I’ve written extensively about how this seemingly ungameable (and previously unparalleled) human preference benchmark is obviously being hacked by a number of labs (and loved seeing our fearless leader Thread (??) the same this week). Lmsys has responded to the criticism with a scaled ELO score that attempts to separate ratings based on style (gameable) from those based on substance (not gameable).

Their methodology is simple but makes a lot of sense based on the biases I’ve seen in annotators working on human preference data. And the results are exactly what you’d expect. Last week, I noted how crazy it was that Claude Sonnet 3.5 was tied with Gemini 1.5 Flash in the Arena. The former is obviously a more capable model. 

When controlling for style, Claude Sonnet 3 rockets from 4th to 2nd and Gemini 1.5 Flash drops from 6th to 9th. It may have just been a coincidence that I selected these two to experiment with, but it is quite refreshing to see my experience quantified through a study like this. The big winners are Anthropic and Meta, whose models seem to improve when controlling for style, the losers Grok and Google, and OpenAI being relatively neutral (aside from mini). 

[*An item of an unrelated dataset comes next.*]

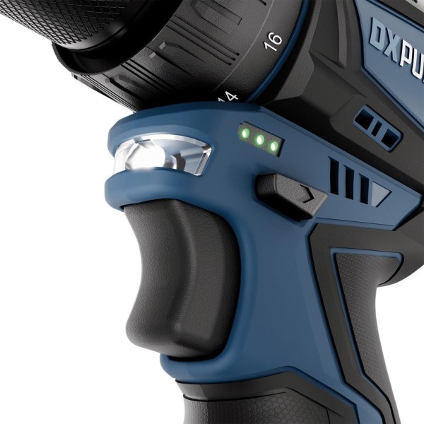 This cordless drill driver is part of the DXPULSE 12V Interchange Series. The brushless motor enhances efficiency, offering more power and a longer battery life. It features a 10mm metal keyless chuck, 18+1 torque settings, forward/reverse, a 2-speed gearbox, a variable speed trigger, and an LED worklight. Its compact design makes it ideal for use in tight spaces. Weighing less than 1 kg, it is easy to use, and the soft grip handle ensures comfort during extended use. It is powered by a 12V lithium-ion battery, and there is an LED battery level indicator. Comes complete with 2 x 2.0Ah batteries and 1 x charger, a range of screwdriver bits, bit holder and HSS drill bit in a sturdy plastic storage case.

The benchmark we’ve all been waiting for

I recently wrote about the challenges of evaluating audio LLMs (note: at Interspeech I heard these things referred to as audio LLMs, spoken LLMs, and speech LLMs; I like the first because it encompasses audio beyond speech). Unbeknownst to me, a group in Singapore had already put together a pretty comprehensive suite called AudioBench.

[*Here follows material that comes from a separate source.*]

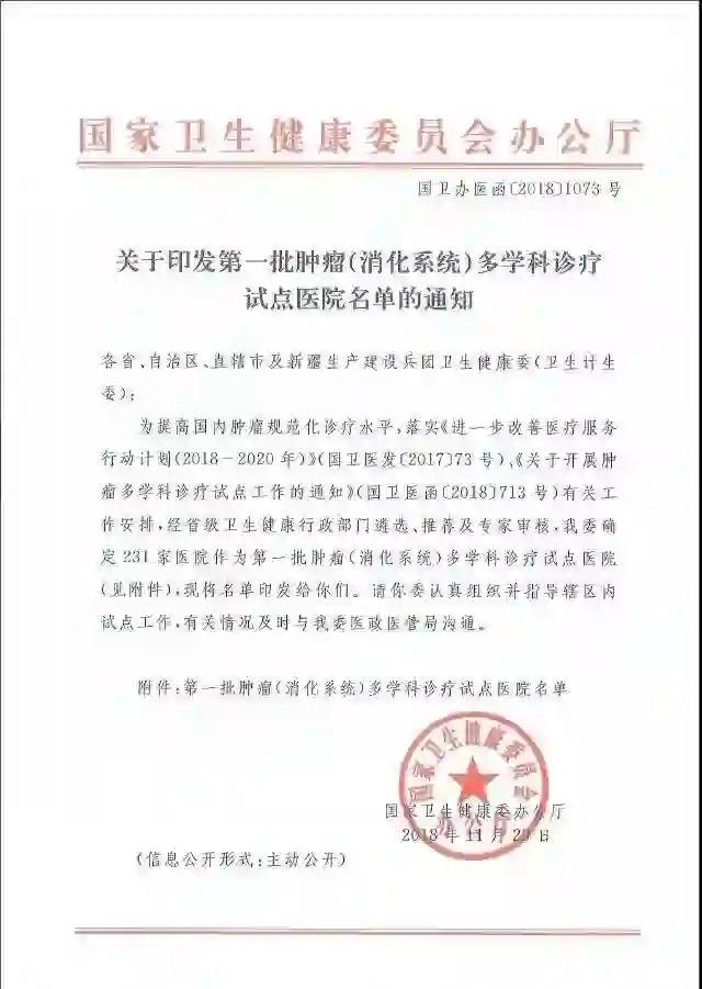 12月4日,国家卫生健康委员会公布了首批确定的231家医院肿瘤多学科诊疗试点医院。
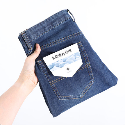 桑蚕丝!丹宁水洗!外贸男装夏季薄款百搭通勤小直筒休闲牛仔裤潮

They include the old standbys like ASR (Librispeech, CommonVoice) and augment them with a both speech and voice understanding (another thing I like about this paper: they define speech understanding as tasks that need the words alone to accomplish and voice understanding tasks as those needing the non-verbal audio), and audio scene understanding. 

Speech understanding tasks include:

  • ASR
  • Speech QA
  •  Speech instruction following

Audio scene understanding:

  • Audio captioning
  • Audio-scene QA

Voice understanding:

  • Accent recognition
  • Gender recognition
  • Emotion recognition

While I don’t think that these tasks alone would define a strong audio LLM that humans liked to use, they are a darn good start (and better than ASR and AST alone). I thought it was a bit interesting that they left out AST (automatic speech translation) and SLU (spoken language understanding), but this is admittedly a work in progress (they want to add speech generation metrics among others). I think that this could evolve into the standard benchmark for audio LLMs and give the industry a bit of time as human evals and private leaderboards mature. 

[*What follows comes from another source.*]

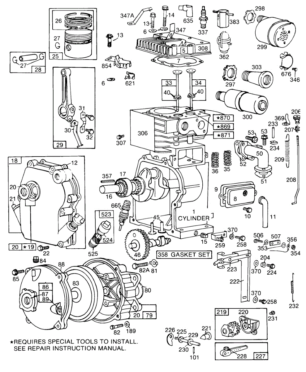 Parts for Briggs & Stratton 081352-0667-01: Cylinder,Crankcase,Gear Case Parts
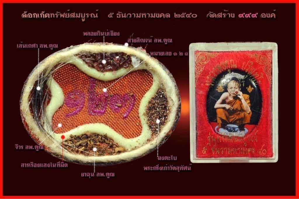 รุ่นทรัพย์สมบูรณ์ หลวงพ่อคูณ อธิษฐานจิตปลุกเสกเดี่ยว เมื่อวันที่ 5 ธันวาคม พ.ศ.2540 พิธีดี ฤกษ์ดี เจตนาดี ปีลึก พระดี ประสบการณ์เด่น วัตถุมงคลของท่านกำลังเริ่มมาแรง ควรรีบเก็บช่วงนี้ เผลออีกทีราคาสูงริบเดี่ยวจะเสียดายนะครับ

On the note of human evals for audio LLMs, Hung-yi Lee of NTU is creating the Chatbot Arena for audio (SpokenAgent-SUPERB). Email him if you’d like to submit a model.

Cough2Vec

One of Google’s ML research teams trained a “bioacoustic foundational model” on a giant corpus of human sound. They achieve SOTA on a number of tasks including cough and sneeze detection and are partnering with a startup to detect tuberculosis.

Now that nearly every human on the planet has access to a camera and microphone connected to the internet, I hope that we really accelerate this kind of work. I’ve heard about these kinds of projects for quite some time, but I never really know how real they are or what the impact is. Who wouldn’t want an app that could give a directional diagnosis based on a cough or photo of a mole? I don’t doubt that we have the technology to perform this better than the existing medical system today, so I hope we can figure out how to cut through the red tape and give people better lives. 

Amazon surrenders

Following Apple, Amazon elected to license a 3P LLM provider in their core voice assistant product. I don’t know what to make of either of these. Are they craftily using OpenAI/Anthropic as accelerants? Are these deals going to catapult OpenAI and Anthropic into the mainstream? I have no idea, but both of these do seem like some kind of capitulation.

And I do wonder why they didn’t pull a Llama off the shelf and fine-tune for their needs. I know that the Meta license requires some kind of arrangement when the licensee has >700M DAP, but I couldn’t imagine that fine-tuning and deploying a Llama would accelerate their own work more than integrating an API call.